START DATA SEGMENT

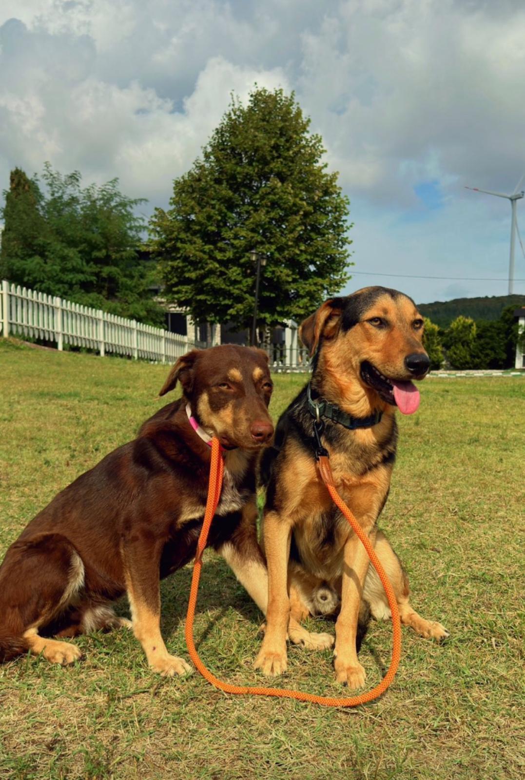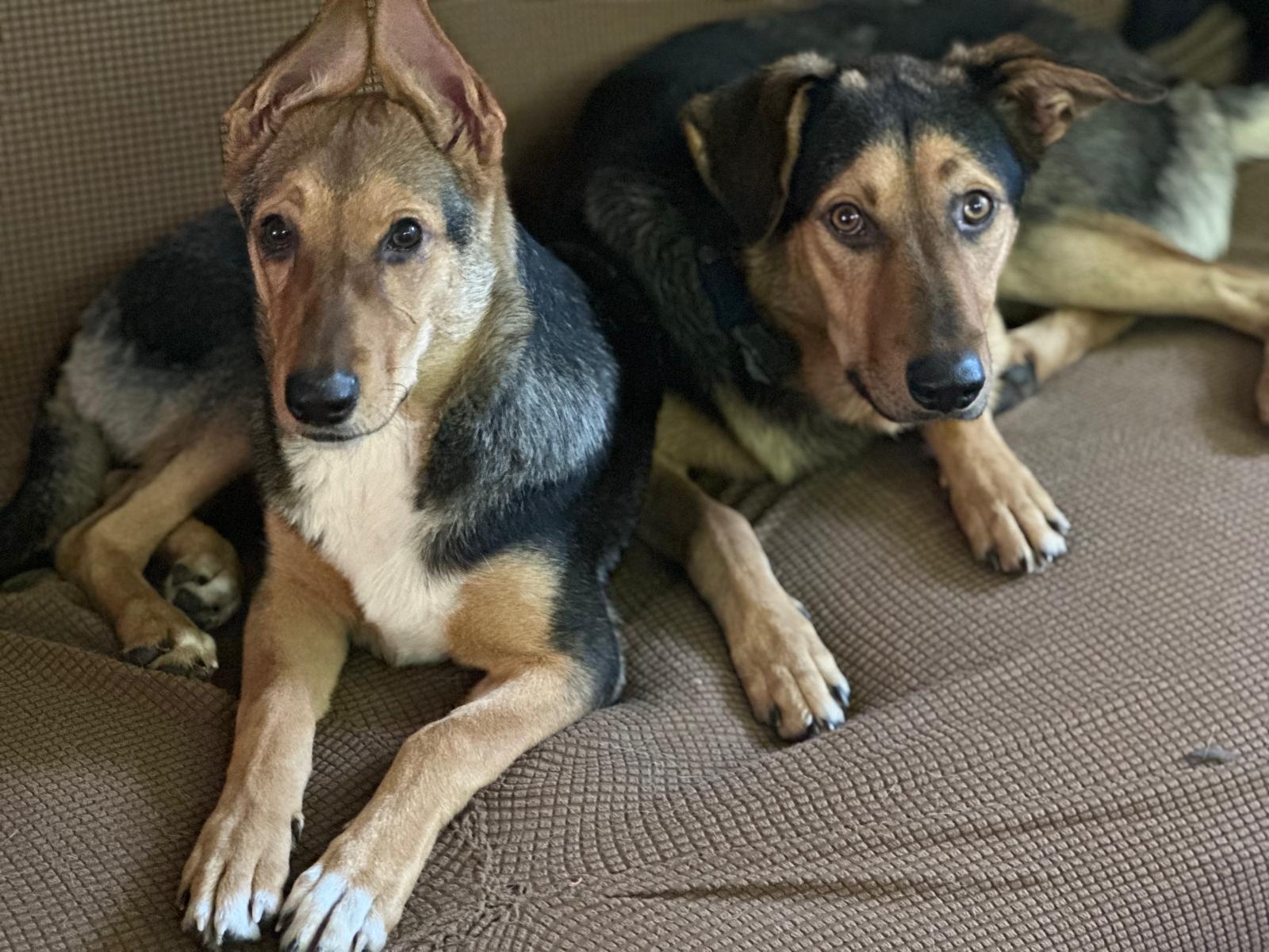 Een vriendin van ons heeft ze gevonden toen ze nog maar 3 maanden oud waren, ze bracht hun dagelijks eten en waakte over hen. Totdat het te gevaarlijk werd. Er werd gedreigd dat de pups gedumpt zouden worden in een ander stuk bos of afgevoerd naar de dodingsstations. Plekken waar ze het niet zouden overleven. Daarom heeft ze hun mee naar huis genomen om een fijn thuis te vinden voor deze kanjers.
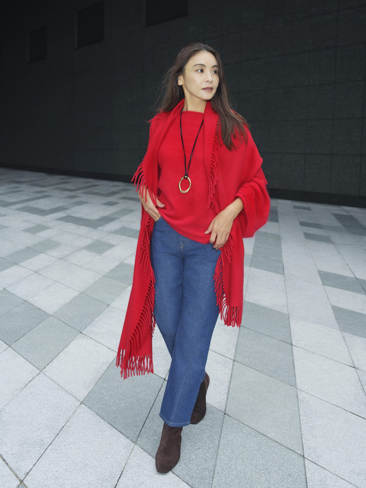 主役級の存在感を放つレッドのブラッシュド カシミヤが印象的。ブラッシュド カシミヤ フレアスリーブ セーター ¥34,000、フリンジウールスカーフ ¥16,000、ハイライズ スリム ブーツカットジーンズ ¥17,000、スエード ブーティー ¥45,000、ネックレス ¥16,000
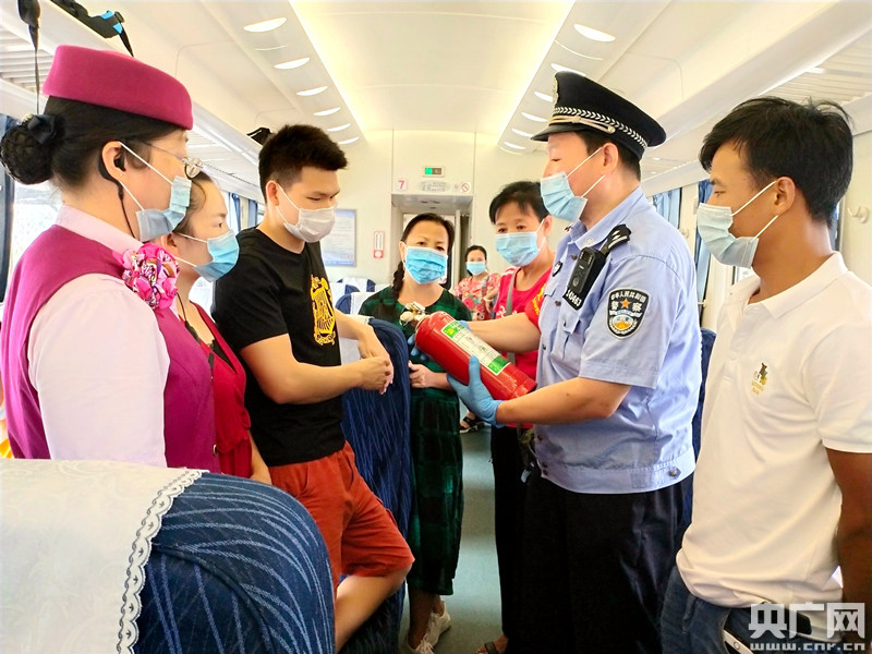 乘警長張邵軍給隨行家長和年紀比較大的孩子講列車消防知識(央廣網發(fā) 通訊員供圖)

END DATA SEGMENT

▸ **EXERCISE DESCRIPTION**
Repeat the data exactly, without the pictures.

▸ **YOUR RESPONSE**
 Een vriendin van ons heeft ze gevonden toen ze nog maar 3 maanden oud waren, ze bracht hun dagelijks eten en waakte over hen. Totdat het te gevaarlijk werd. Er werd gedreigd dat de pups gedumpt zouden worden in een ander stuk bos of afgevoerd naar de dodingsstations. Plekken waar ze het niet zouden overleven. Daarom heeft ze hun mee naar huis genomen om een fijn thuis te vinden voor deze kanjers.
 主役級の存在感を放つレッドのブラッシュド カシミヤが印象的。ブラッシュド カシミヤ フレアスリーブ セーター ¥34,000、フリンジウールスカーフ ¥16,000、ハイライズ スリム ブーツカットジーンズ ¥17,000、スエード ブーティー ¥45,000、ネックレス ¥16,000
 乘警長張邵軍給隨行家長和年紀比較大的孩子講列車消防知識(央廣網發(fā) 通訊員供圖)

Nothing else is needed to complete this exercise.